Воображаемый святой вопросительно поднял брови.

– Верить, что на этом вашем свинцовом небе сидит могущественный, но ничего не предпринимающий Бог и очень внимательно слушает. Очень-очень. Но у него зашит рот, и ему давно нечего сказать. Один раз он попытался, но люди всё переврали и испортили… И в нас нет ни капли вины. И вообще, нет смысла верить, пока ты счастлив. Но поскольку я очень-очень хочу ещё хоть одним глазком увидеть настоящую живую Нину (так же, как и Чапа хочет увидеться с родителями), действительно хочу, чтобы хоть раз она улыбнулась, засмеялась, обрадовалась, и это был не смех наркоманки, а обычный человеческий смех, то поэтому я буду верить и ждать.

Старик молча покачивался на ветру, затмевая будущее, звёзды, луну, и внимательно слушал.

– Ожидание немного скрасит… Получается там, впереди, выше вашего бога, есть радость новой встречи. Вот тебе и смысл: на минутку увидеть всех, кому я не успел сказать и признаться, что, *****-муха, я же их любил!.. Вот после этого, когда догонишь время и успеешь сказать им всё важное – тогда пусть ваш ненавидящий бог сжигает нас.

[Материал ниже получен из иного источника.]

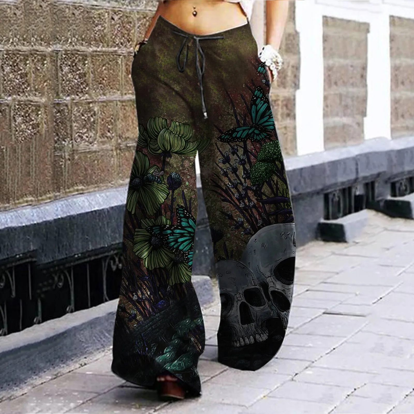 Женские брюки с широкими штанинами в стиле Харадзюку, брюки-карго с принтом на Хэллоуин, брюки-джоггеры на шнуровке с карманами, уличная одежда, спортивные штаны, 2021
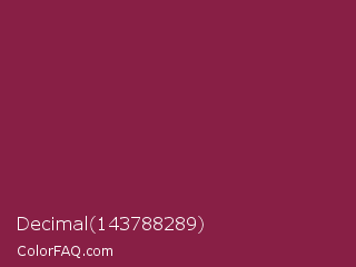 Decimal 143788289 Color is a normal rose color and the nearest color is Disco #871550. Hex code #881f45 and RGB value is rgb(136,31,69). In RGB color space, this color is composed of 53% red, 12% green, 27% blue, In CMYK color space, this color is composed of 0% cyan, 77% magenta, 49% yellow , 47% black , In HSL color space, this color has a hue angle of 338° , 63% saturation and 33% lightness.

Толя открыл глаза. Он умудрился за секунду забыть, как выглядел тощий хмурящийся монах, теперь это снова был размытый далёкий образ и мало что значащее слово. Короткий приступ веры, когда действительно стало казаться, что увидеться с Ниной не невозможно, прошёл. Не будет последнего объятия, слов прощения, воссоединения. Выходит, придётся просто её забыть. Надо вытеснить эти мрачные, отравленные дни яркими солнечными впечатлениями. Он взглянул напоследок на могилу, крестик, табличку и побрёл в морг. Идти было непросто – ноги совсем замёрзли.

– Ну как ты? – спросил Чапа.

– Нормально. Представляешь, встретил его.

– Кого?

– Святого.

– Да ладно?! А что он там делал?

– Не знаю. Пришёл. Постоял, послушал меня и исчез.

– Офигеть, – сказал Чапа с благоговением. – Как он дошёл-то только, интересно?!

– А чё такого?

– Ну, он же хромой, толстый, еле ходит.

Толя уставился на него с непониманием. Потом рассмеялся.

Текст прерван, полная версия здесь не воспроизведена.